* _Brief_:
A faithful copy of every record is needed here. Images must not appear in it.

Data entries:
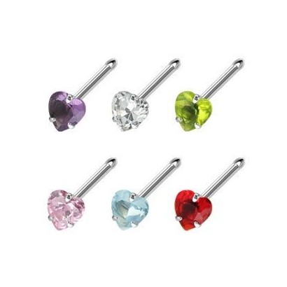 Piercing do nosu z chirurgické oceli se zirkonem ve tvaru srdce.
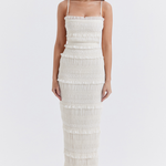 Ανακαλύψτε το Solara Maxi Abito , σχεδιασμένο για να λάμπει σε κάθε περίσταση. Με πτυχώσεις από πούλιες και μεταξωτό σατέν , αυτό το φόρεμα προσφέρει στενή εφαρμογή που αναδεικνύει τη σιλουέτα σας. Τα λεπτά βολάν , το σκίσιμο στην πλάτη και η ελαστική επένδυση εξασφαλίζουν άνεση και κομψότητα, καθιστώντας το την ιδανική επιλογή για γάμους ή πολυτελείς βραδιές .
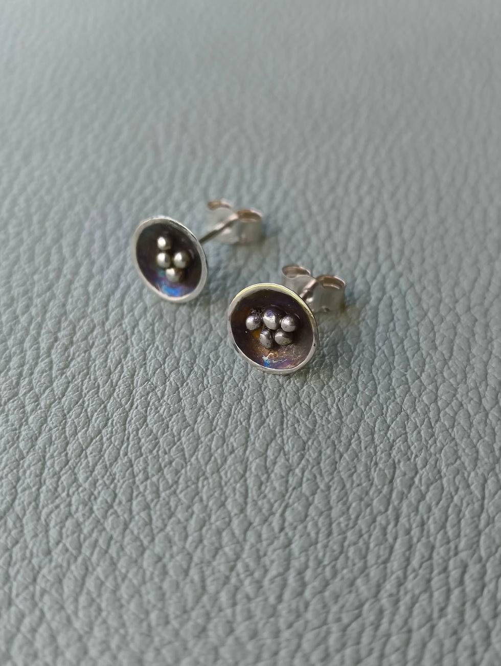 The sterling silver bail that attaches to the baroque pearl is made to fit, and has irregular dots/spots around the outside.
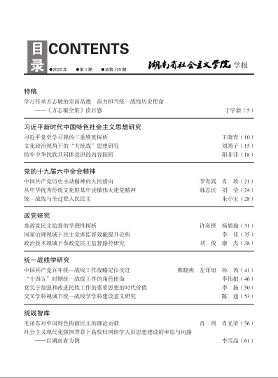 湖南社院学报2022年第1期封面及目录
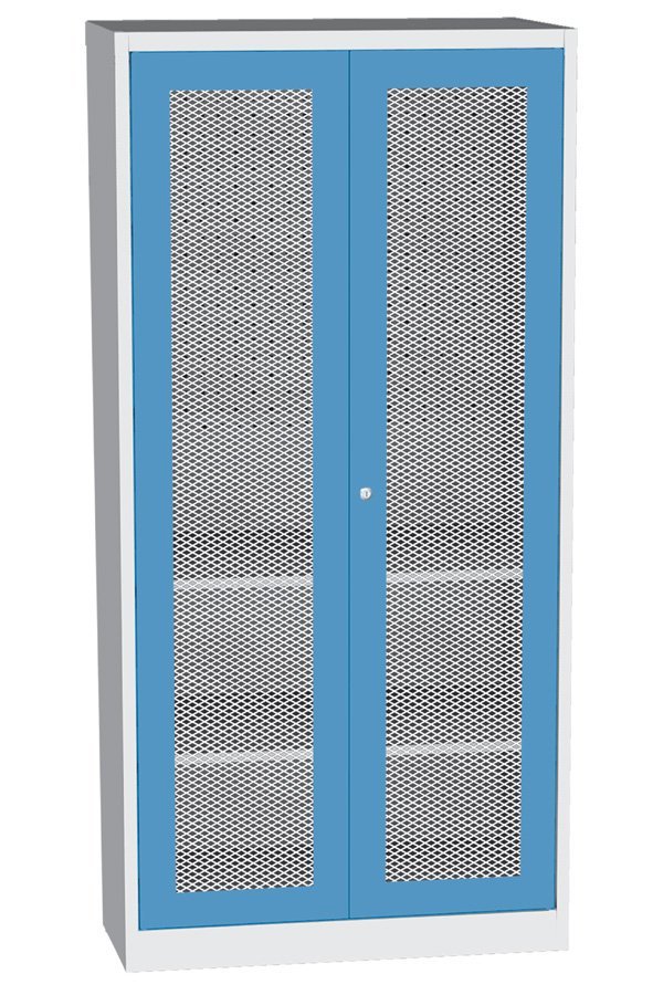 Werkstattschrank mit Drahtgittertüren, B x H x T 950 x 1950 x 600 mm, 2 Fachböden. Korpusfarben RAL 7035 Lichtgrau. vollständige Beschreibung und Parameter
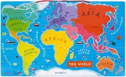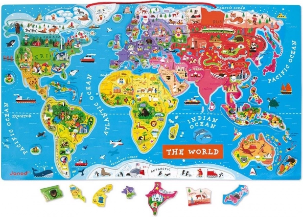 Această frumoasă hartă magnetică a lumii are dimensiunile de 77 x 46 x 1 cm și conține 92 de piese de puzzle din lemn. Fiecare piesă reprezintă o regiune sau o țară, poartă numele capitalei și include o imagine care caracterizează locul respectiv, cum ar fi clădiri importante, monumente, animale și plante. Harta este în limba engleză și poate fi agățată pe perete, devenind astfel un element unic în camera copilului.
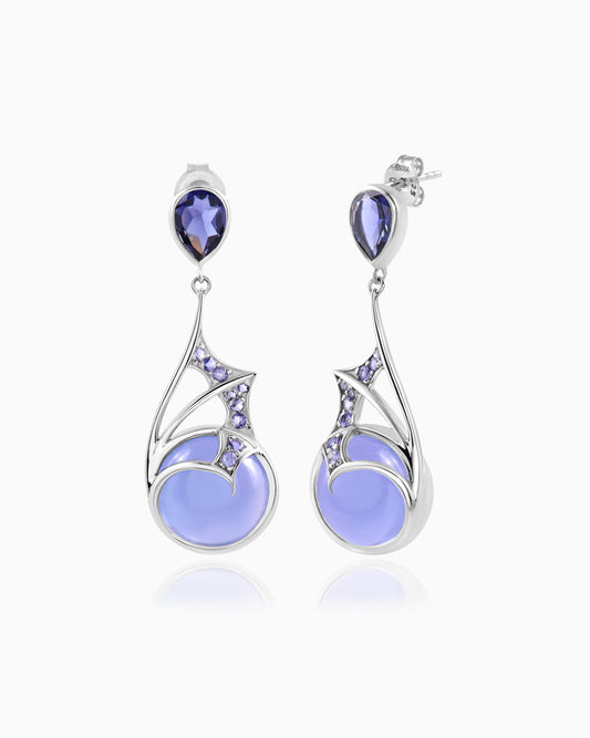 Petit design with unique Natural Chalcedony,Radiate your gracefulness with this Chalcedony and Iolite Earrings, set with Zircon! It's a customary piece when the evening calls for a fresh look.Â
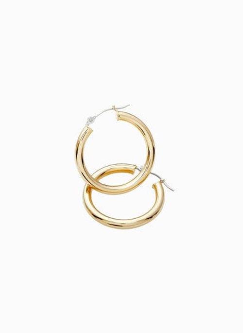 These perfectly sized yellow gold hoops are sure to elevate any look. Mark our words.
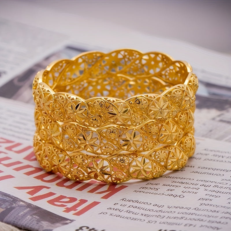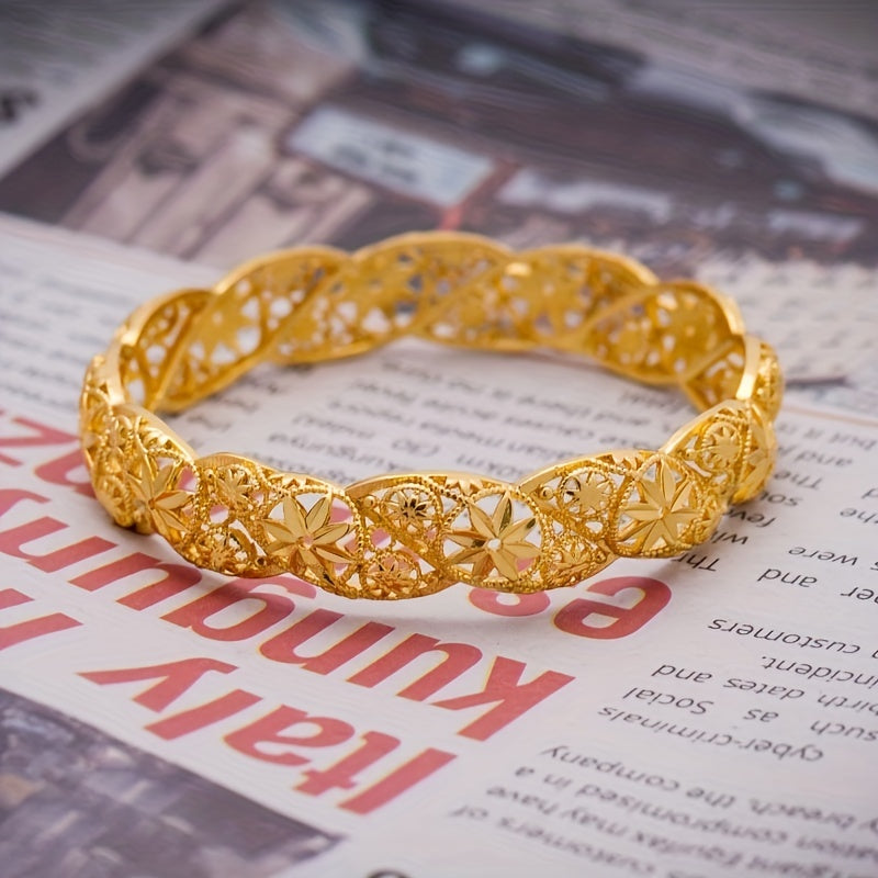 Elegant 24K plated cuff bangle perfect for brides in Dubai. Adds a touch of luxury to your wedding ensemble.
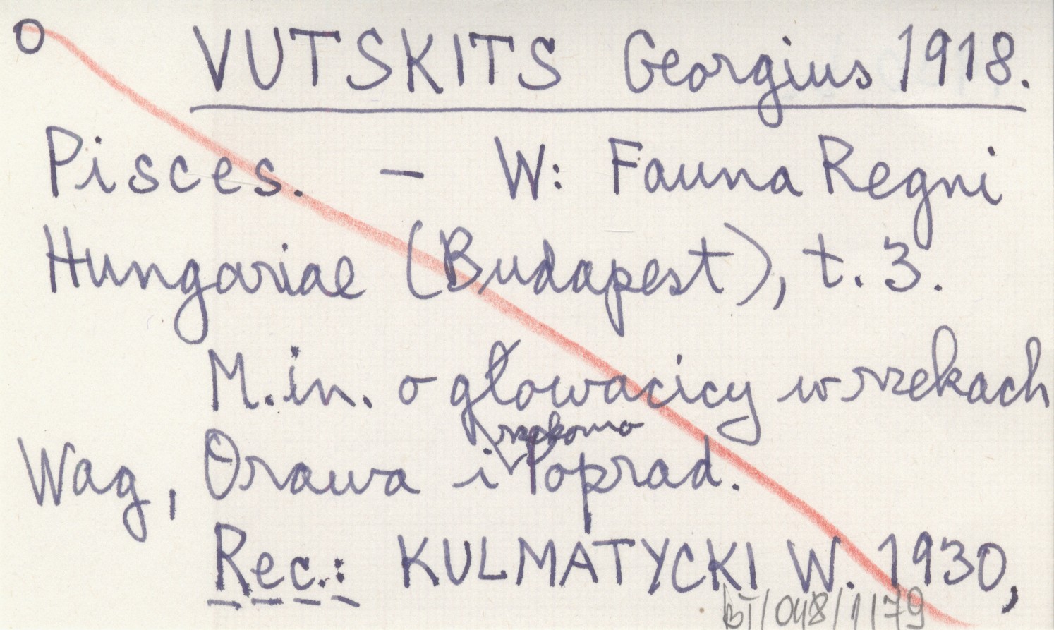 Fauna Regni Hungariae. Budapest , T. 3. M.in. o głowacicy w rzekach Wag, Orawa i rzekomo Poprad. REC: KULMATYCKI W. 1930, 1930 b
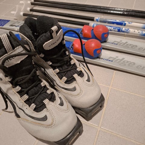 Suksisetit, sukset 110 cm ja monot 30,5. Sauvoista puuttuu remmit.
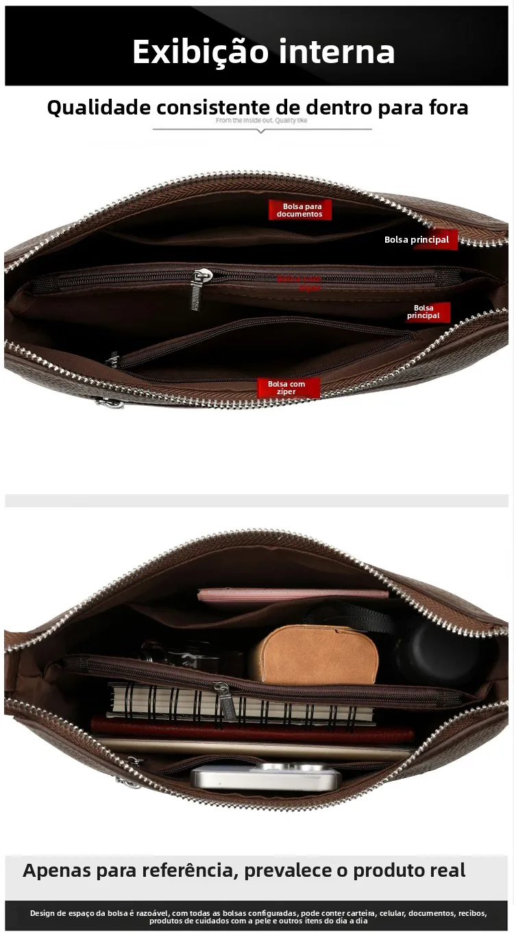 Este saco possui vários bolsos internos, incluindo um para celular, permitindo que você organize seus itens de forma eficiente.
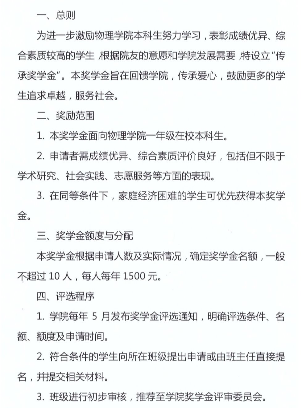 太阳成集团tyc7111cc“传承奖学金”评选办法
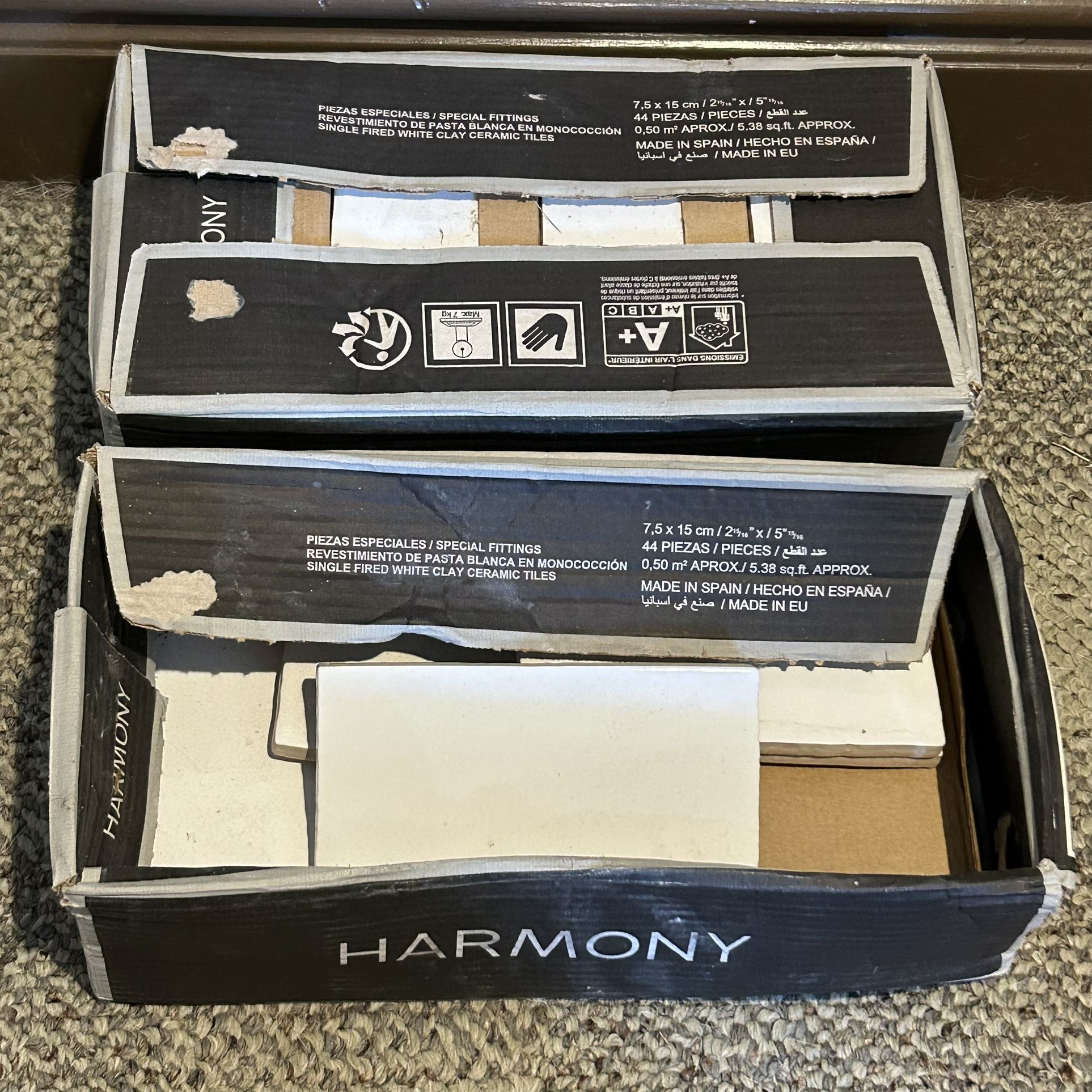 Harmony Ceramic Tiles White Glossy Ceramic made in Spain - About 13-14 pieces in the open box. Other box is new/full and has all pieces - See photos for measurements - About 57 pieces altogether

* _Answer below_:
 Piercing do nosu z chirurgické oceli se zirkonem ve tvaru srdce.
 Ανακαλύψτε το Solara Maxi Abito , σχεδιασμένο για να λάμπει σε κάθε περίσταση. Με πτυχώσεις από πούλιες και μεταξωτό σατέν , αυτό το φόρεμα προσφέρει στενή εφαρμογή που αναδεικνύει τη σιλουέτα σας. Τα λεπτά βολάν , το σκίσιμο στην πλάτη και η ελαστική επένδυση εξασφαλίζουν άνεση και κομψότητα, καθιστώντας το την ιδανική επιλογή για γάμους ή πολυτελείς βραδιές .
 The sterling silver bail that attaches to the baroque pearl is made to fit, and has irregular dots/spots around the outside.
 湖南社院学报2022年第1期封面及目录
 Werkstattschrank mit Drahtgittertüren, B x H x T 950 x 1950 x 600 mm, 2 Fachböden. Korpusfarben RAL 7035 Lichtgrau. vollständige Beschreibung und Parameter
 Această frumoasă hartă magnetică a lumii are dimensiunile de 77 x 46 x 1 cm și conține 92 de piese de puzzle din lemn. Fiecare piesă reprezintă o regiune sau o țară, poartă numele capitalei și include o imagine care caracterizează locul respectiv, cum ar fi clădiri importante, monumente, animale și plante. Harta este în limba engleză și poate fi agățată pe perete, devenind astfel un element unic în camera copilului.
 Petit design with unique Natural Chalcedony,Radiate your gracefulness with this Chalcedony and Iolite Earrings, set with Zircon! It's a customary piece when the evening calls for a fresh look.Â
 These perfectly sized yellow gold hoops are sure to elevate any look. Mark our words.
 Elegant 24K plated cuff bangle perfect for brides in Dubai. Adds a touch of luxury to your wedding ensemble.
 Fauna Regni Hungariae. Budapest , T. 3. M.in. o głowacicy w rzekach Wag, Orawa i rzekomo Poprad. REC: KULMATYCKI W. 1930, 1930 b
 Suksisetit, sukset 110 cm ja monot 30,5. Sauvoista puuttuu remmit.
 Este saco possui vários bolsos internos, incluindo um para celular, permitindo que você organize seus itens de forma eficiente.
 太阳成集团tyc7111cc“传承奖学金”评选办法
 Harmony Ceramic Tiles White Glossy Ceramic made in Spain - About 13-14 pieces in the open box. Other box is new/full and has all pieces - See photos for measurements - About 57 pieces altogether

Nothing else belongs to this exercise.